(Items listed in a dataset)
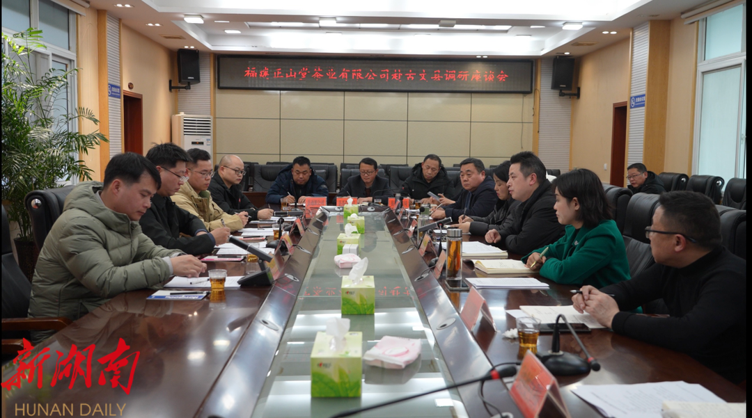 新湖南客户端2月17日讯(记者 郑湘)2月16日下午,县委书记滕朝辉与福建正山堂茶业有限公司董事长江志东一行座谈,就茶产业链合作、项目推进等事宜洽谈,共谋茶产业高质量发展新路径。副县长宋晓波,县政协副主席向春艳及县直相关部门负责人参加。
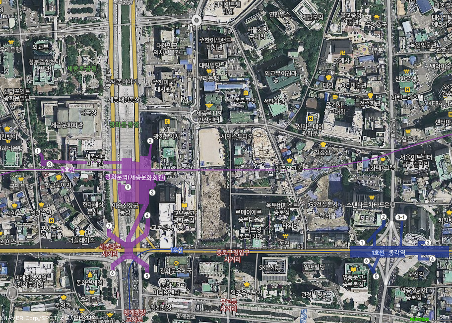 5호선 환승하기 빡세니까 집앞에 5호선 있는거 아니라면 광화문 갈때는 그냥 길거리 돌아다니면 보이는 1호선 탄 다음 종각역에서 내려라
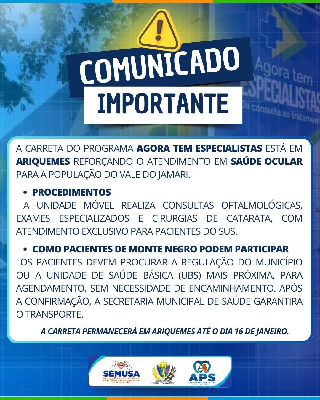 A Carreta do programa Agora Tem Especialistas está em Ariquemes, oferecendo consultas, exames oftalmológicos e cirurgias de catarata, com atendimento exclusivo pelo SUS.
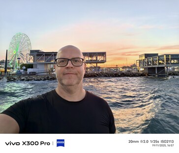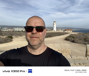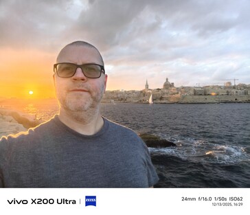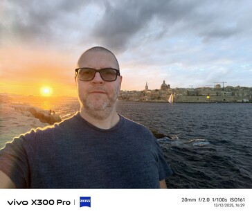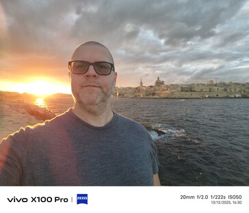 Non sono esattamente una grande fan dei selfie, ma nell'interesse della scienza, ho scattato alcuni selfie in vari luoghi e in diverse condizioni di luce. A mio avviso, Vivo X300 Pro è migliorato notevolmente in termini di qualità dei selfie rispetto a Vivo X200 Ultra. Nella maggior parte dei casi, l'ultima ammiraglia Vivo offre l'immagine più naturale del quartetto, non solo grazie al campo visivo notevolmente più ampio, ma anche in termini di tonalità della pelle, almeno nel mio caso. Nell'ultimo esempio, con il tramonto che funge da fonte di retroilluminazione, tuttavia, anche il Vivo X300 Pro fa un po' fatica.
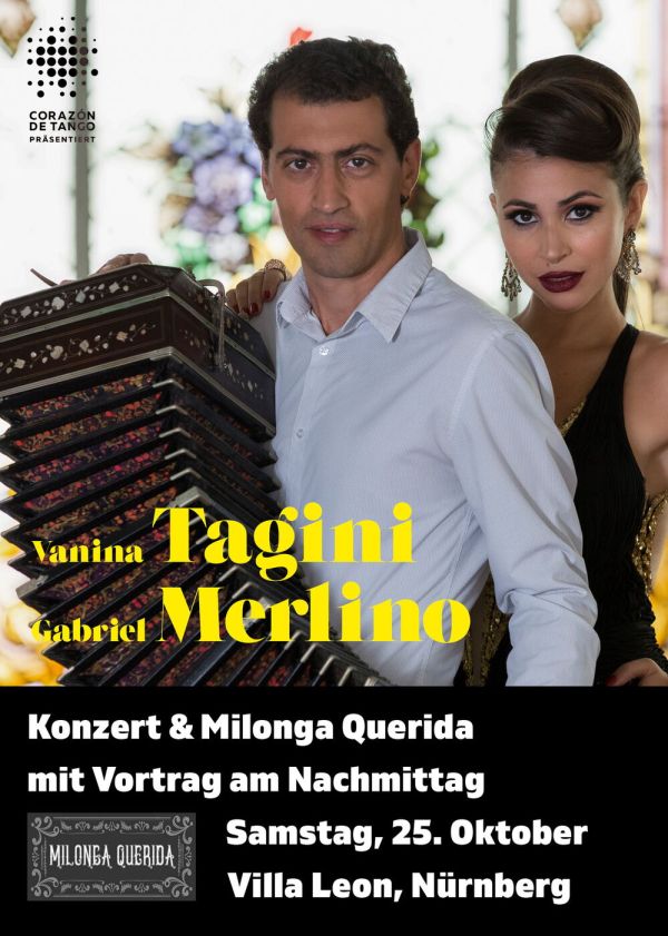 Erleben Sie eine Tango-Nacht mit Vanina Tagini und Gabriel Merlino in der Villa Leon. Im Anschluss lädt die Milonga Querida mit DJ Manu zum Tanz ein.
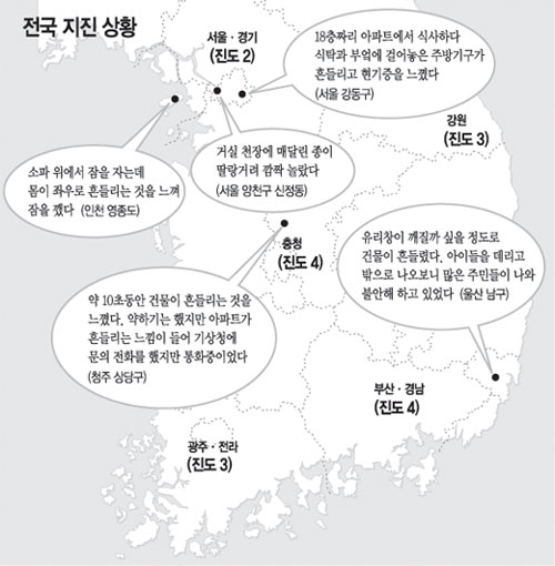 ▽기타 지역=광주와 전남지역에서도 이날 오전 형광등과 창문틀이 심하게 흔들렸다.
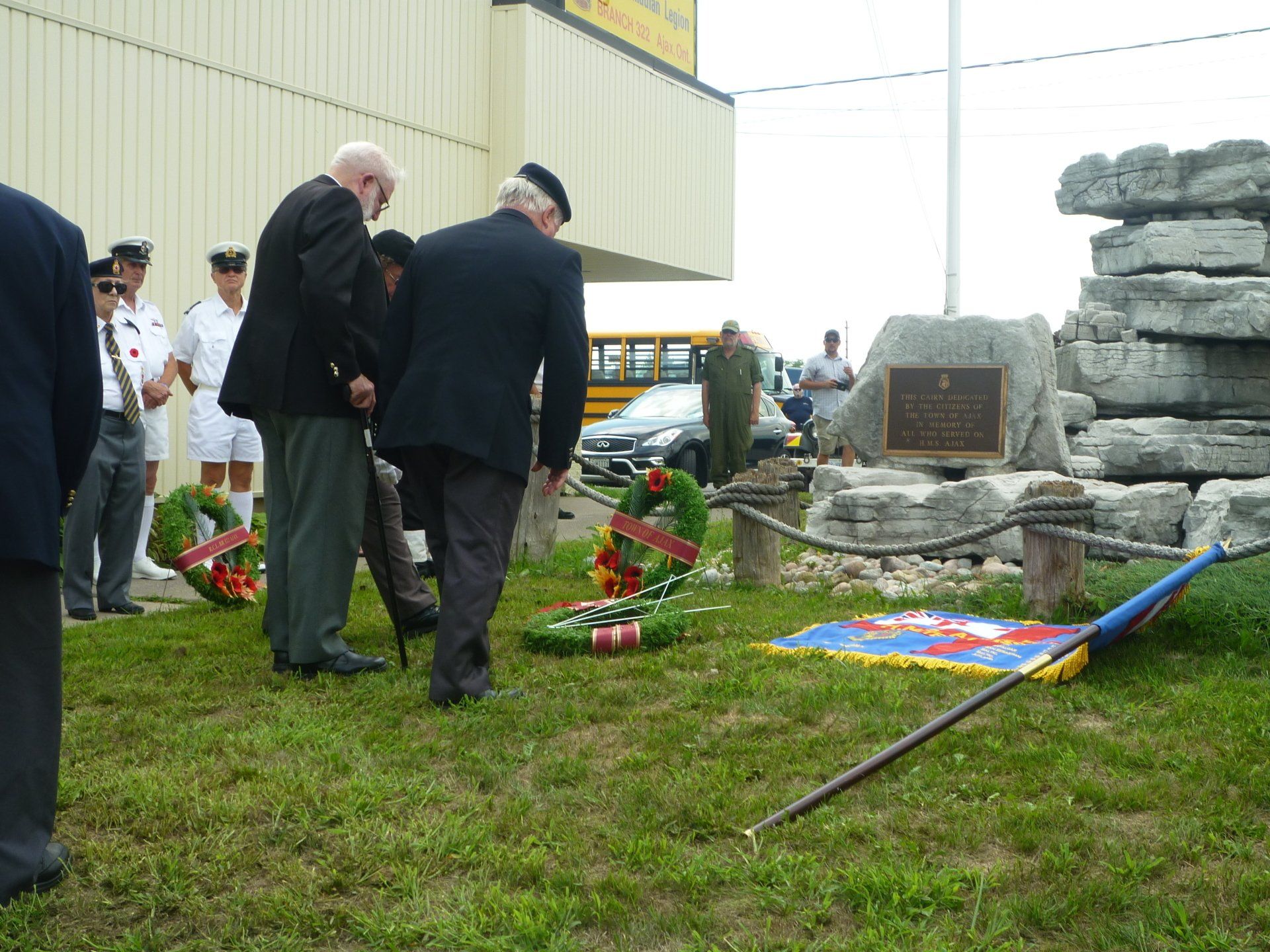 The anchor from the retired ship was brought to Canada on the HMS Fife in 1987, and was presented to then-Mayor Bill McLean. It rests in front of the Royal Canadian Legion, Branch 322 on Hunt Street. It is a memorial to Canadians who died serving overseas, and to those who served on ships named HMS Ajax. Several hundred veterans and residents attended the dedication ceremony, which was broadcast to England by special trans-Atlantic hook-up.
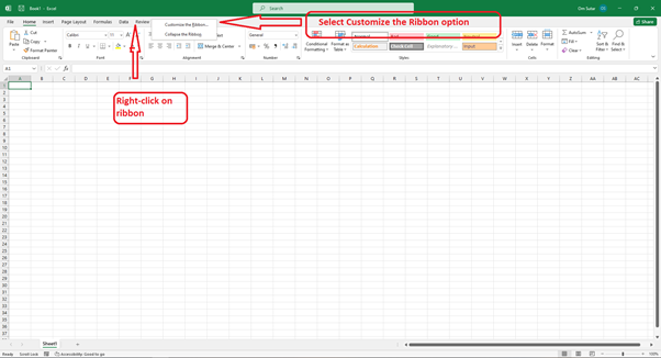 右鍵單擊功能區,然後選擇“自定義功能區”選項
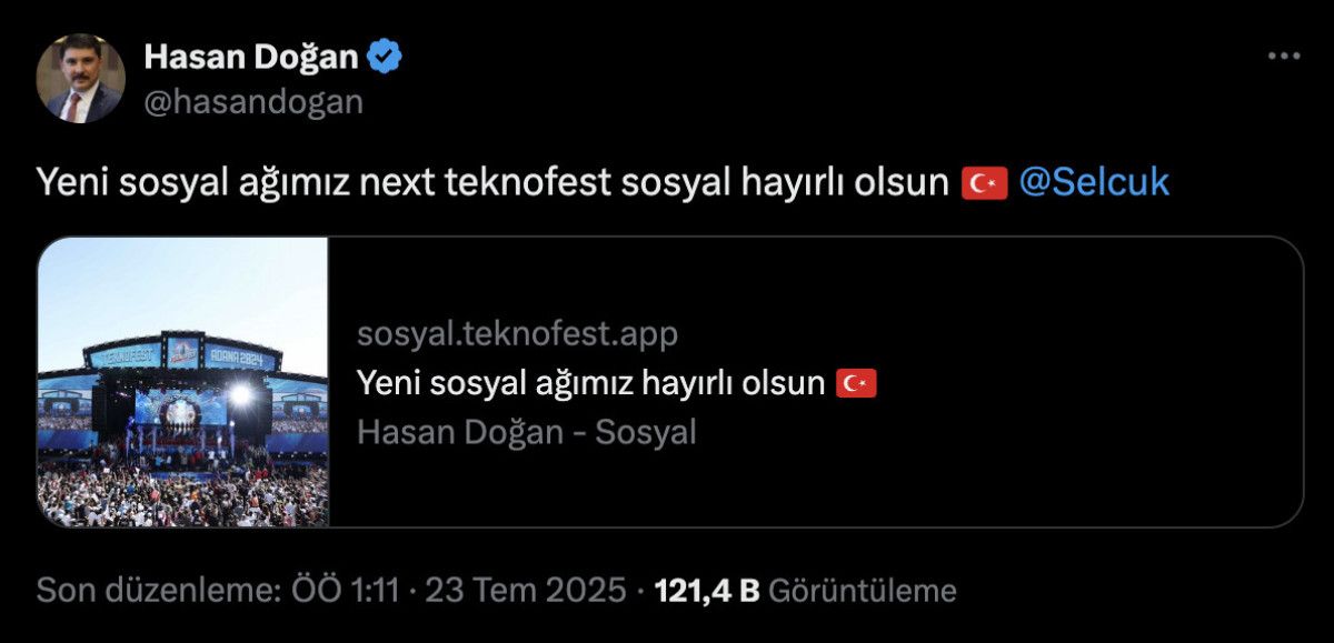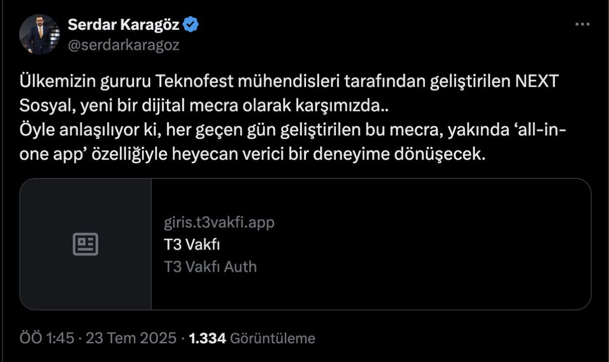 Anadolu Ajansı Genel Müdürü Serdar Karagöz de hesap açtığını, yaptığı X paylaşımı ile duyurdu. Karagöz, “Ülkemizin gururu Teknofest mühendisleri tarafından geliştirilen NEXT Toplumsal, yeni bir dijital mecra olarak karşımızda..
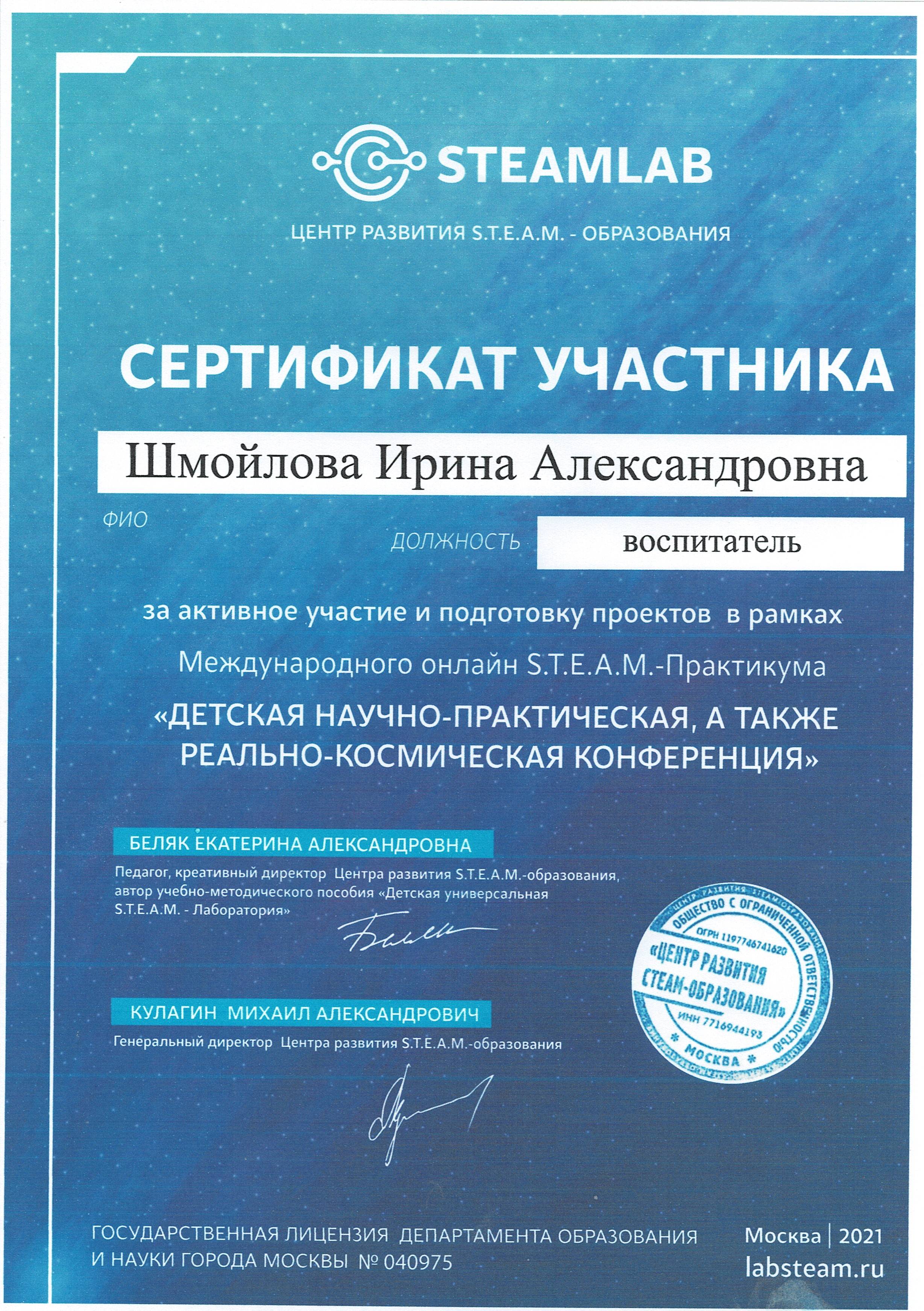 СЕРТИФИКАТ участника Международного онлайн STEAM - Практикума "Детская научно-практическая, а также реально-космическая конференция".
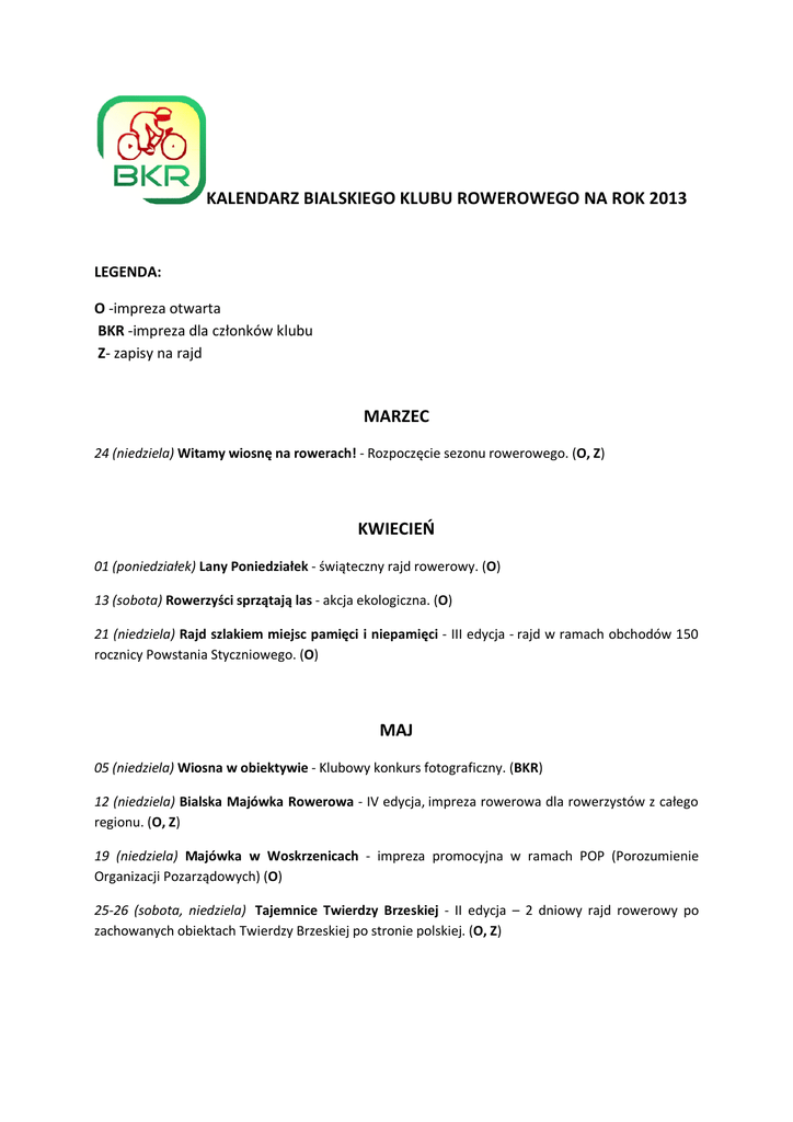 kalendarz bialskiego klubu rowerowego na rok 2013 marzec
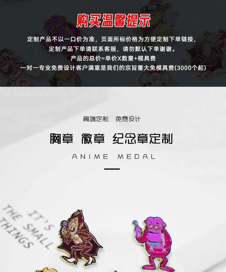 Medalla Metálica Personalizada Personaje de Dibujos Animados Aleación Circo Insignia Creativa de Dibujos Animados Accesorios Creativos Medalla Venta al por Mayor
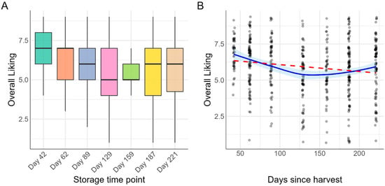 Change in consumer overall liking of ‘Annurca’ apples during post-melaio storage: (A) Boxplots showing the distribution of overall liking scores at seven discrete time points. The thick line represents the median score. (B) Scatterplot of all individual consumer ratings against storage time (days since harvest). The blue line represents a flexible LOESS regression model with a 95% confidence interval (shaded region), highlighting the non-linear trend in consumer preference.
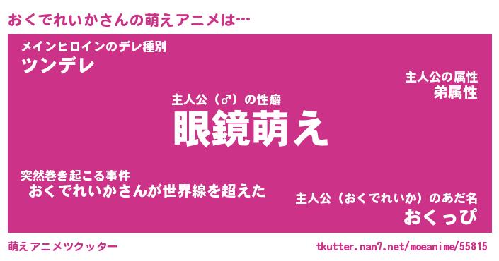 | 男性向けラノベタイトル風あだ名 | 『おくでれいかの憂鬱』 |

### Requirement
Although pictures appear among the records above, none are to be output; print exactly the lines from the line containing "kalendarz bialskiego klubu" through the line containing "Medalla Metálica Personalizada".

### Result of this exercise
 kalendarz bialskiego klubu rowerowego na rok 2013 marzec
 Medalla Metálica Personalizada Personaje de Dibujos Animados Aleación Circo Insignia Creativa de Dibujos Animados Accesorios Creativos Medalla Venta al por Mayor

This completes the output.